PostgreSQL performance through the eyes of DTrace
We've been doing a lot of PostgreSQL work lately and we have one largish system (terabytes) that runs on top of Apple XServe RAIDs. While people argue that SATA is getting better, let it be understood that Fibre channel SCSI drives rule. The difference between carrier class storage and "enterprise" (a.k.a. commodity) is pretty tremendous.
While this system will eventually make good use of the XServer RAIDs and long-term storage containers for write-once read-many data tables (archives), the "fast" storage it currently tied up and we've been "making due" with all of our heavy read/write activity on 14 SATA drives. It is always advisable to understand the access patterns of your database so that you can put files that are heavily utilized at the same time on different spindles. This allows for a set of drives heads to be occupied with one style of work load without being distracted by another. In big databases, getting more spindles is a must and usually not a budgetary concern. BUT, how do you know which files?
Oracle provides enough information inside the database itself for a DBA to do an assessment of which datafiles could benefit from running on separate spindles. PostgreSQL's statistics exist, but are very lacking in comparison. The rule of thumb is that you pur indexes and data on different spindles. In big systems you don't follow "rules of thumb" you instead use them as the basis for experimentation and emperical analysis. Big systems often vary widely in their configuration and stress points and the "rules of thumb" are for generic problems, while they may hold true on your system, "don't jump."
So, what is a PostgreSQL user to do? First, run Solaris 10. Second leverage Dtrace to really answer the age old question "where does it hurt?" I scratched together a little perl/dtrace to measure the min/avg/max read() and write() times induced by PostgreSQL (yes it uses read() and write() for all of its I/O ops on UNIX) and break it down by filename. I initially used the io::: provider to only measure the ones that induced physical reads against media (didn't come out of buffer cache). While it is really cool that you can do this, we would miss the reads that would happen we moved things around and blew our buffer cache -- so I opted for all reads (less cool : more useful).

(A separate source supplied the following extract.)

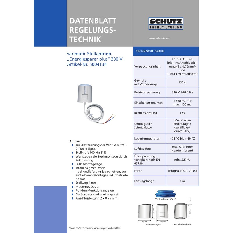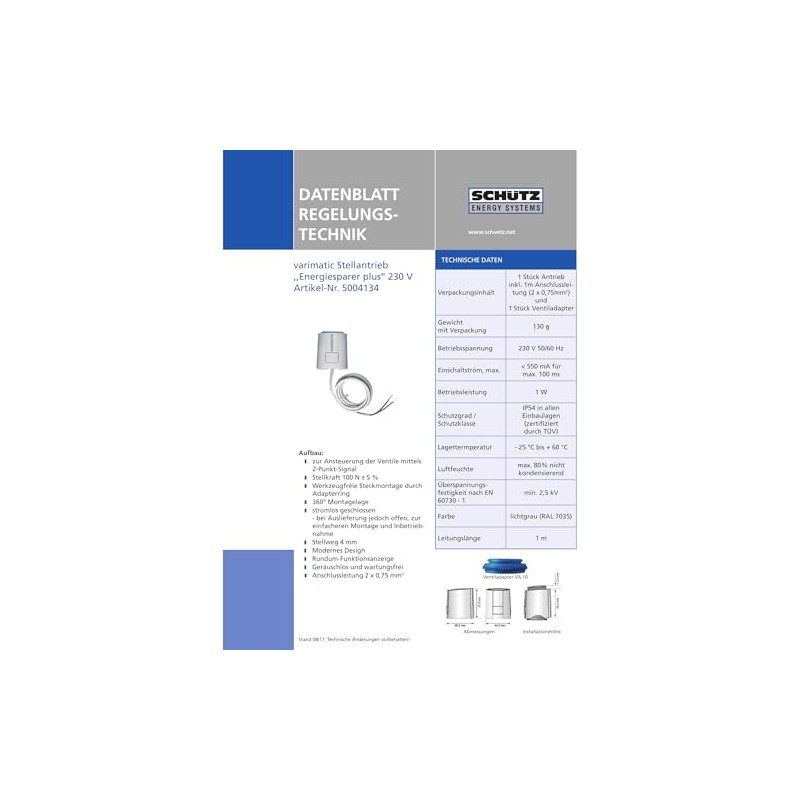 Schütz varimatic actuator underfloor heating 230 V regulator actuating force 100 N/1 W

After we collect metrics from all the file I/O, we connect to PostreSQL and ask it which database objects correspond to the files we see being read and written to. The result is a simple prstat-like output by database object of the number of reads/writes performed along with the minimum, avergage and maximum turn-around time for the operation in milliseconds. Quite useful for understanding "what hurts."
So the command 'pg_file_stress -d dbname -u postgres -i 30 -n 20' would yield useful output like:FILENAME/DBOBJECT READS WRITES # min avg max # min avg max ods_users 9494 84 144 1039 6 0 34 207 ods_tblfl_unsub_users_p_2006_10 1 201 201 201 127 0 0 0 ods_tblusersanswers_p2006_12_ix_timestamp 1 179 179 179 0 0 0 0 tbluser_address 307 91 91 1076 0 0 0 0 pg_rewrite 8 0 93 749 12 0 4 59 ods_tblusersanswers_p2006_11_ix_timestamp 1 80 80 80 0 0 0 0 ods_tblhits_sum01_p2005_11_partner 20 0 60 897 0 0 0 0 pg_depend_reference_index 38 0 46 700 48 0 0 0 ods_tblfl_unsub_users_p_2006_09 1 28 28 28 94 0 0 0 pg_depend_depender_index 29 0 22 407 11 0 1 14 ods_users_pk 306 0 16 777 0 0 0 0 ods_tblhits_sum01_p2005_10_partner 4 0 12 48 0 0 0 0 pg_statistic 158 0 9 819 88 0 0 0 ods_tblhits_sum01_p2005_11 5279 0 4 1102 0 0 0 0 ods_tblhits_sum01_p2005_10 1277 0 3 755 0 0 0 0 ods_tblusersanswers 4295 0 1 1422 0 0 0 0 pg_statistic_relid_att_index 41 0 1 67 31 0 0 0 pg:3083076 1702 0 1 1015 808 0 0 0 mv_users 2751 0 1 1036 26 0 0 0 users_tx_p20061022 2264 0 0 667 0 0 0 0
9494 read operations with an average turn around time of 144ms. Sweet Jesus! I suppose that could use its own spindles. 307 ops at 91ms ain't pretty either.
More than demonstrating how to solve our problem, this demonstrates the acute need to decommission the box using our fast storage and swing those units over to our database of pain.